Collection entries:
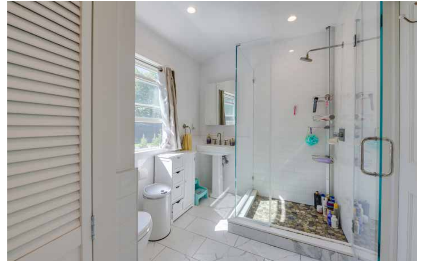
BATHROOM EXTERIOR APARTMENT/GARAGE
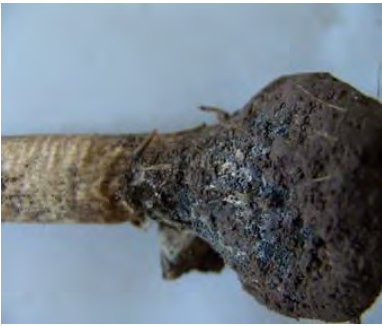
White Rot caused by Sclerotium cepivorum
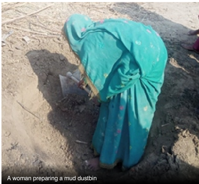
A woman preparing a mud dustbin

Sanitation and solid waste management is an ignored chapter of the poor rural communities of Pakistan, especially in Sindh. The people in villages are adopting the traditional methods for sanitation and solid waste management in rural areas because there is no proper sanitation and solid waste disposed/management mechanism exists at the household or village level. Mostly, villages are found with heaps of animal dung and other waste. People throw the waste of their homes in front of their own houses without sorting it, which slowly get converted into heaps. When the wind blows, the same waste spreads in the village which has hazardous impacts on the lives of the villagers. Open defecation in villages is another serious issue for the villagers. Research suggests that diarrhoea and other problems associated with ingesting and exposure to human waste affect children under the age of 5 years the most since they are very susceptible to diseases.
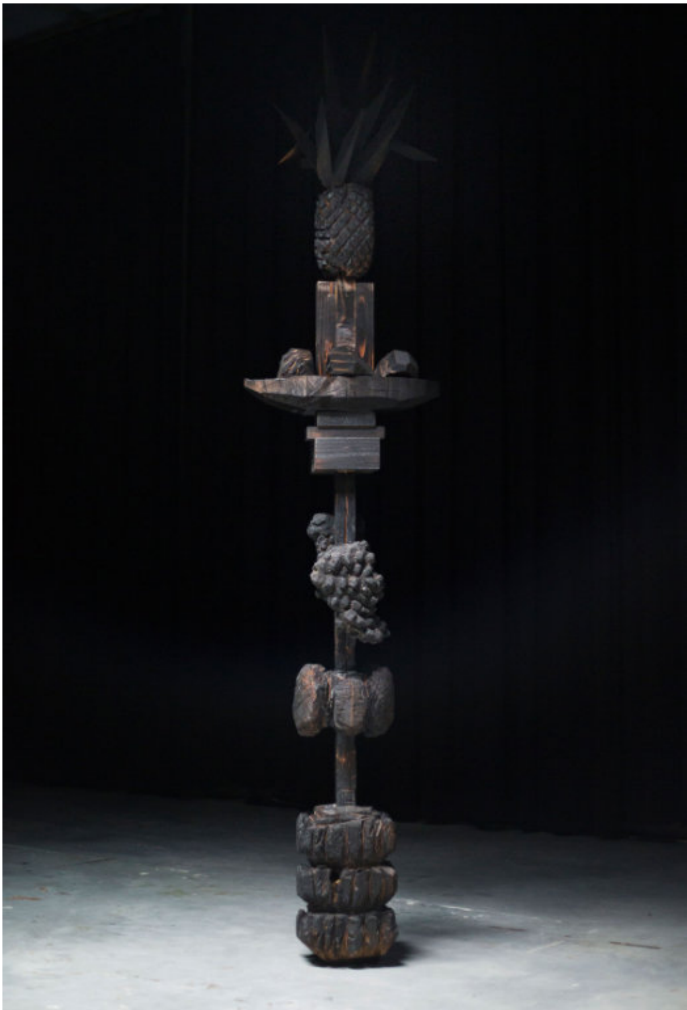
#BALUSTER#CarmenMiranda 2015, 250 x 50 ø, scorched wood
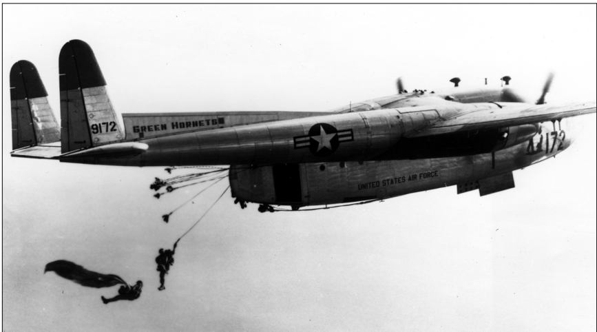
Paratroopers from the 187th Regimental Combat Team leave a C-119 during a practice jump in Japan.

On March 7, 1951, the Eighth Army again took the initiative, pushing north from Wonju. The offensive made rapid progress, and Seoul fell to the advancing U.N. forces on March 15. Planners in Tokyo had hoped to drop the 187th Regimental Combat Team in the Seoul area, but the speed of the U.N. advance caused the objective of the airdrop to shift to Chunchon. The new DZ had a number of advantages. Chunchon was an important rail terminus, just south of the 38th parallel in central Korea and a promising site for an airfield. The airborne troops would be dropped when the front line was 10 miles away and the two forces could be linked up within 24 hours. The operation, if successful, would trap a large number of enemy troops in flight northward.
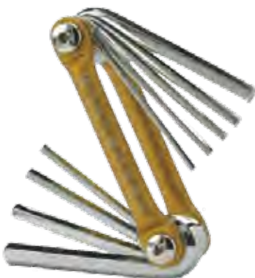
No. 140-520 (Inch) 9 Keys
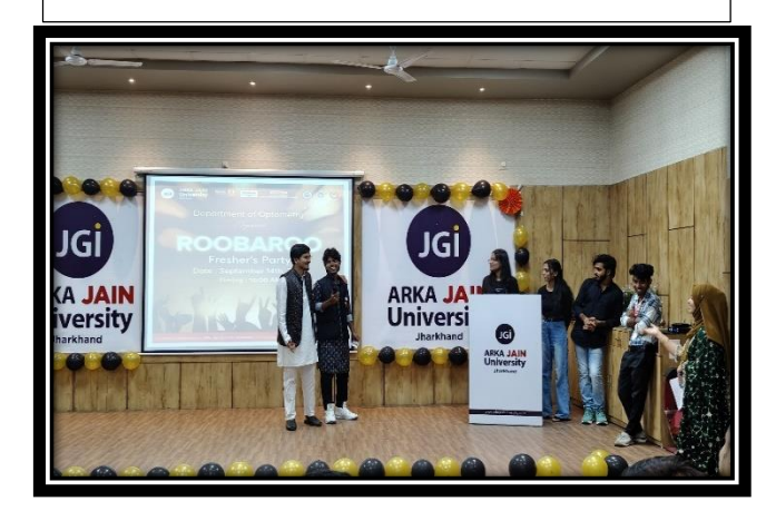
Fig 13: Glimpse of Chit game during The Fresher's Party.

Exercise requirements:
Return the preceding entries verbatim, with the pictures excluded.

Reply to the exercise:
BATHROOM EXTERIOR APARTMENT/GARAGE
White Rot caused by Sclerotium cepivorum
A woman preparing a mud dustbin

Sanitation and solid waste management is an ignored chapter of the poor rural communities of Pakistan, especially in Sindh. The people in villages are adopting the traditional methods for sanitation and solid waste management in rural areas because there is no proper sanitation and solid waste disposed/management mechanism exists at the household or village level. Mostly, villages are found with heaps of animal dung and other waste. People throw the waste of their homes in front of their own houses without sorting it, which slowly get converted into heaps. When the wind blows, the same waste spreads in the village which has hazardous impacts on the lives of the villagers. Open defecation in villages is another serious issue for the villagers. Research suggests that diarrhoea and other problems associated with ingesting and exposure to human waste affect children under the age of 5 years the most since they are very susceptible to diseases.
#BALUSTER#CarmenMiranda 2015, 250 x 50 ø, scorched wood
Paratroopers from the 187th Regimental Combat Team leave a C-119 during a practice jump in Japan.

On March 7, 1951, the Eighth Army again took the initiative, pushing north from Wonju. The offensive made rapid progress, and Seoul fell to the advancing U.N. forces on March 15. Planners in Tokyo had hoped to drop the 187th Regimental Combat Team in the Seoul area, but the speed of the U.N. advance caused the objective of the airdrop to shift to Chunchon. The new DZ had a number of advantages. Chunchon was an important rail terminus, just south of the 38th parallel in central Korea and a promising site for an airfield. The airborne troops would be dropped when the front line was 10 miles away and the two forces could be linked up within 24 hours. The operation, if successful, would trap a large number of enemy troops in flight northward.
No. 140-520 (Inch) 9 Keys
Fig 13: Glimpse of Chit game during The Fresher's Party.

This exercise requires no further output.